Ницше потребовалось едва ли три недели, чтобы написать эту историю своей жизни. Начатая 15 октября 1888 года, в день его сорокачетырехлетия, она была закончена 4 ноября того же года и, за исключением нескольких незначительных правок и дополнений, осталась в том виде, в каком ее оставил Ницше. Она была опубликована в Германии лишь в 1908 году, через восемь лет после смерти Ницше.
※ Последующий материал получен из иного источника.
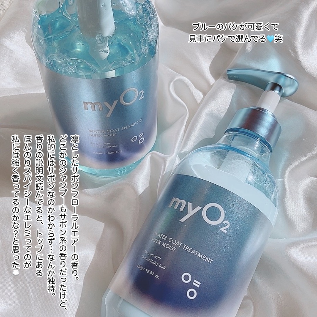 【myO2マイ・オーツーウォーターコートシャンプー/トリートメントスリークモイスト】myO2さまからいただきました髪の細さ別に選べるシリーズで、これは細髪向けのスリークモイスト🩵サラサラぷるんと軽やかな仕上がり!仕上がりはとっても好みなんだけ...
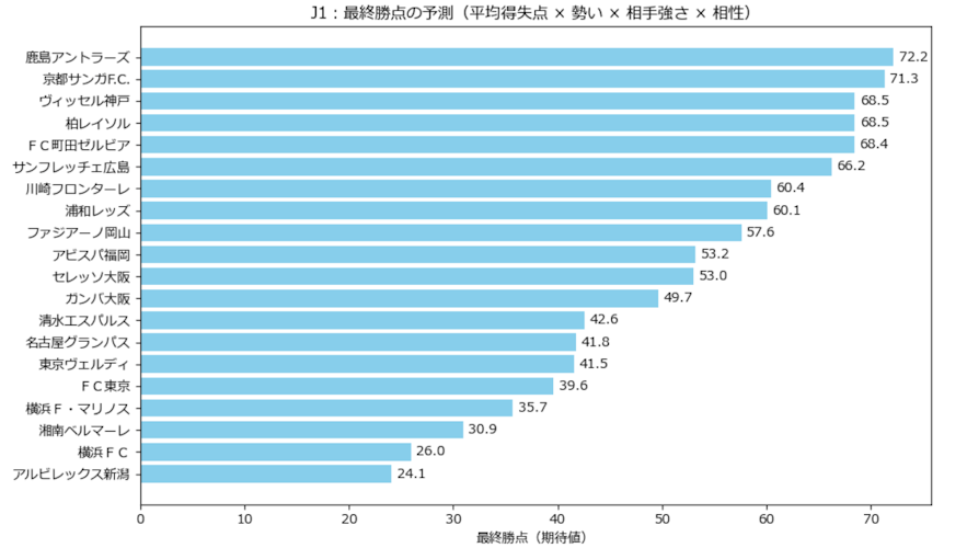 鹿島は残り11節で21.2ポイントを積み上げると予測され、最終勝点は72.2(≒72)。つまり「統計的に最も可能性の高いシナリオ」は、鹿島が72でシーズンを終える姿だった。
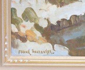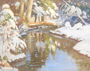 LOT 5 Oil on Masonite signed Frank Panabaker, 15 3/4 x 20" "River In Winter". Estimate: $1,000 - $1,500 Auction Date: Tuesday, April 28 2026 at 4:00 PM
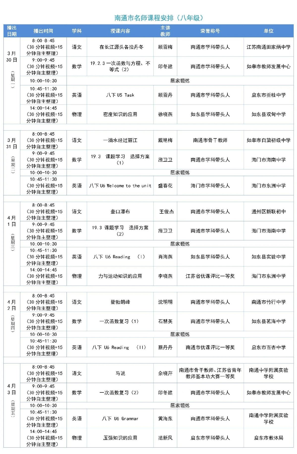 南通名师线上课堂八年级第八期课程表一览
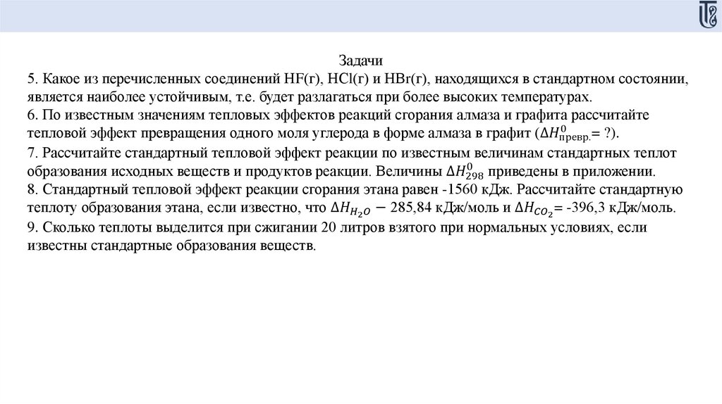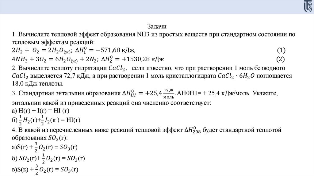 1. Вычислите тепловой эффект образования NH3 из простых веществ при стандартном состоянии по
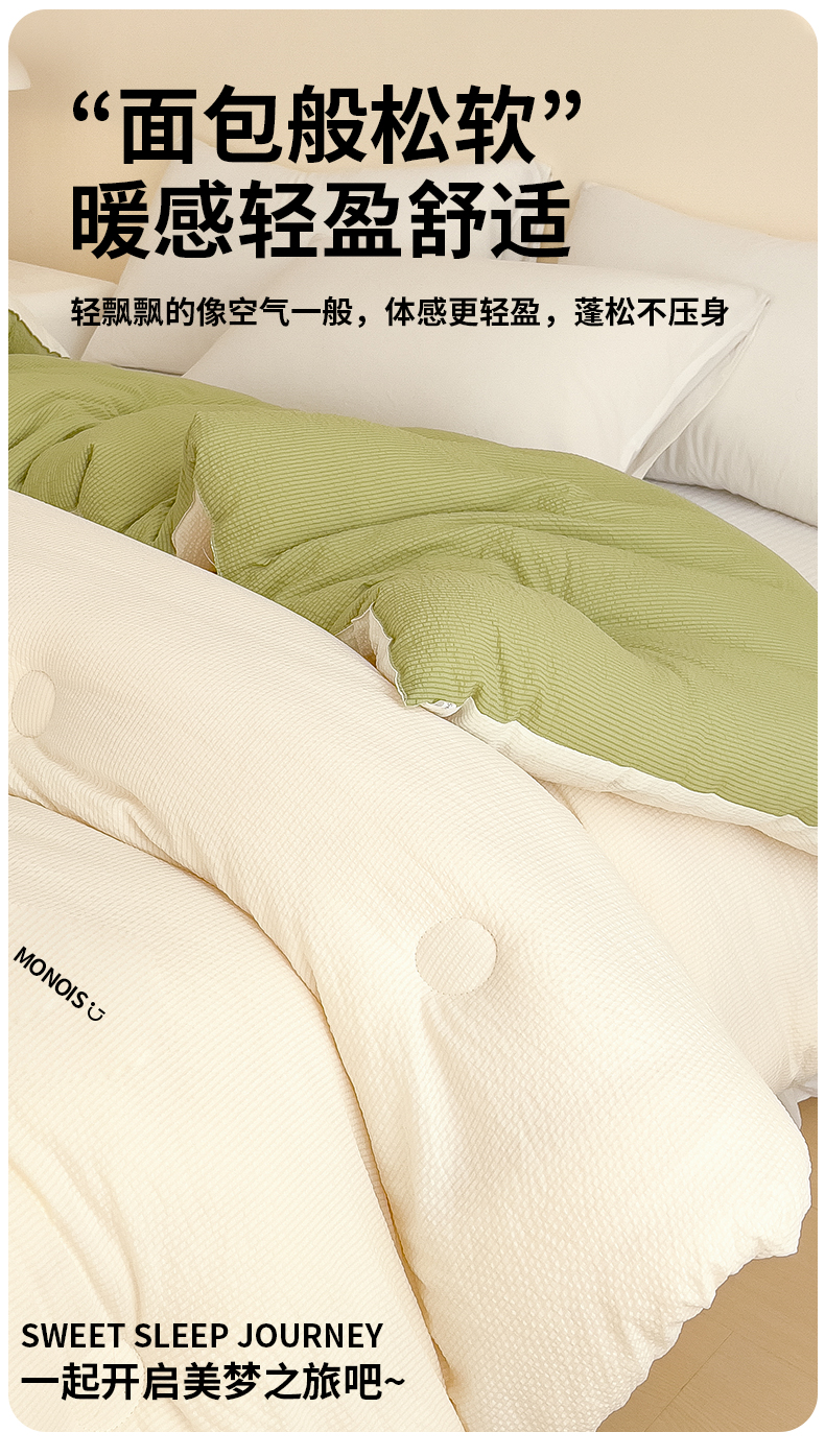 • 91家纺网 家纺一手货源 找家纺 (总)好尚居 2026新款纯色亲肤皱皱纱大豆纤维被被子被芯,本白,浅灰,浅绿,玉色

В письме от 27 декабря 1888 года, адресованном композитору Фуксу, автор заявляет, что цель работы — положить конец всем дискуссиям, сомнениям и расспросам относительно его личности, чтобы оставить общественное сознание свободным для рассмотрения лишь «вещей, ради которых я существую» («die Dinge, derentwegen ich da bin»). И, верная его намерению, честность Ницше на этих страницах, безусловно, является одной из самых примечательных их черт. От первой главы, в которой он откровенно признает наличие в себе элементов декаданса, до последней страницы, где он характеризует свою миссию, свою жизненную задачу и свои достижения с помощью одного символа — «Дионис против Христа», — все идет прямо, без колебаний, без страха перед последствиями и, прежде всего, без утайки. Только в одном месте он, по-видимому, скрывает что-то, и тогда он фактически дает понять, что делает это. Это касается Вагнера, величайшего друга его жизни. «Кто сомневается, — говорит он, — что я, старый артиллерист, мог бы, если бы захотел, направить свои тяжелые орудия на Вагнера?» — Но он добавляет: «Все решающее в этом вопросе я оставил при себе — я любил Вагнера» (стр. 122).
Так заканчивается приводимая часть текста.